Just plugging along here. It's been a bit of a stressful month surrounding the type 2 diabetes. I've been on 500 mg Metformin ER for a week now. For the first three days, I gained seven pounds, then it all went away over the next three days. I've been testing my blood sugars like mad. Nothing I do seems to make sense when I interpret it through my glucometer. Then someone suggested that I was trying to do too many different things, and to give the Met ER a chance to start working. I'm still getting used to how it makes me feel. I spent a few days feeling nauseous and dizzy. Now the dizzies are there till late afternoon and the nausea only appears once or twice a day. It reminds me of when I was pregnant! I can't seem to exercise when this dizzy. I lose my balance easily and I'm clumsy all the time.
I tested my blood sugars before and after eating every meal, after certain macro-nutrient combinations, after cardio exercise vs strength training vs Pilates. It's obvious I'm mostly dealing with high morning blood sugars, and if I don't eat but do cardio exercise in the morning, the blood sugar only goes up from the morning wake-up numbers. A lot. Sometimes, eating in the morning helps my blood sugar comes down faster, but only if I eat a small amount of protein with a very small amount of fibrous vegetable and a little bit of fat. Like under 10 gm protein and 5 net gm carb and 15 gm fat. That's a poached egg on a bed of sauteed spinach and a big cup of coffee with heavy cream...175 calories. And doing cardio doesn't seem to help in the mornings, but Pilates does. And so does weight training. I seem to be able to do more cardio later, like after lunch and dinner.

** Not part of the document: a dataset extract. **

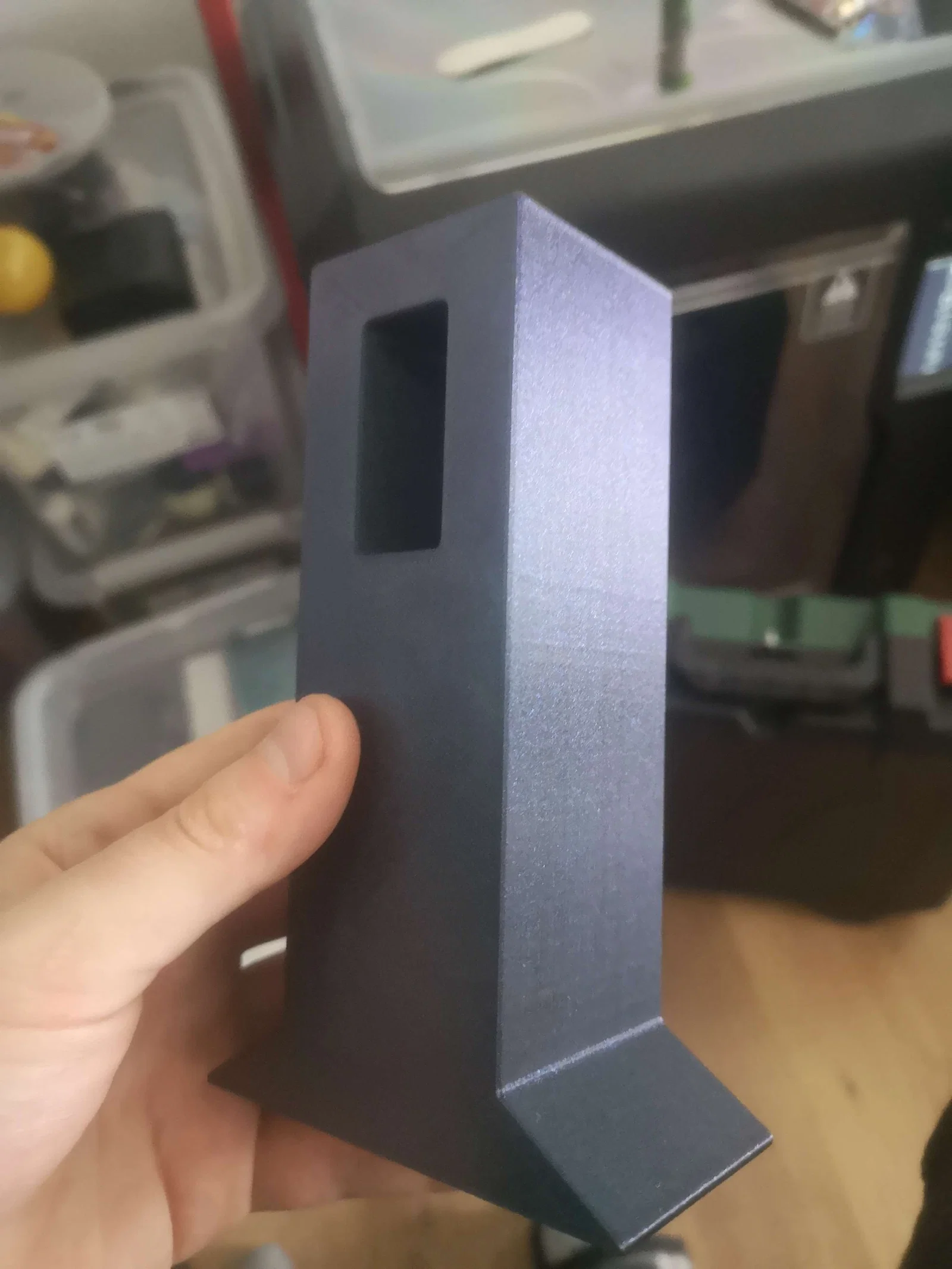Chân bàn kích thước 50x50x160, in PLA với 12% infill để nâng bàn thêm 10cm. Lỗ chân 20x40 sâu 50mm, xung quanh có vách dày 15mm. Mình in 6 cái, dùng khoảng 1 tháng chưa thấy biến dạng.

I still have a lot of situations to test out. It's all making me a bit mad, but I'm coming to understand the importance of keeping the blood sugar numbers down. I really can't go over 20 gm of protein, 5 net gm of carbohydrates and 15 gm of fat at a meal. I'm sensitive to all of it. This is really helping me cut back how much I eat. I can have up to four of these tiny meals a day, spaced out every four hours. It doesn't help me at all to save calories for later in the day for a bigger meal. I have to let go of my beloved big dinner!
I'm just figuring a lot of this out. I hope living like this will help the rate of weight loss to pick up momentum.
4 comments:
The metformin does incredible damage to the heart. I was on metformin for 9 yrs and now have heart disease. A recent study in France to see about the link between metformin and heart disease was shut down after too many on the real metformin died from heart attacks. Do your research, I did and stopped the metformin before it could do MORE damage
http://www.whitakerwellness.com/health-concerns/diabetes/only-you-can-prevent-diabetic-complications/
A recent study in France to see about the link between metformin and heart disease was shut down after too many on the real metformin died from heart attacks.
When I was diagnosed,the testing also took over my life, but after a few months of tender fingertips a got into a normal routine, lost weight and am feeling much better now.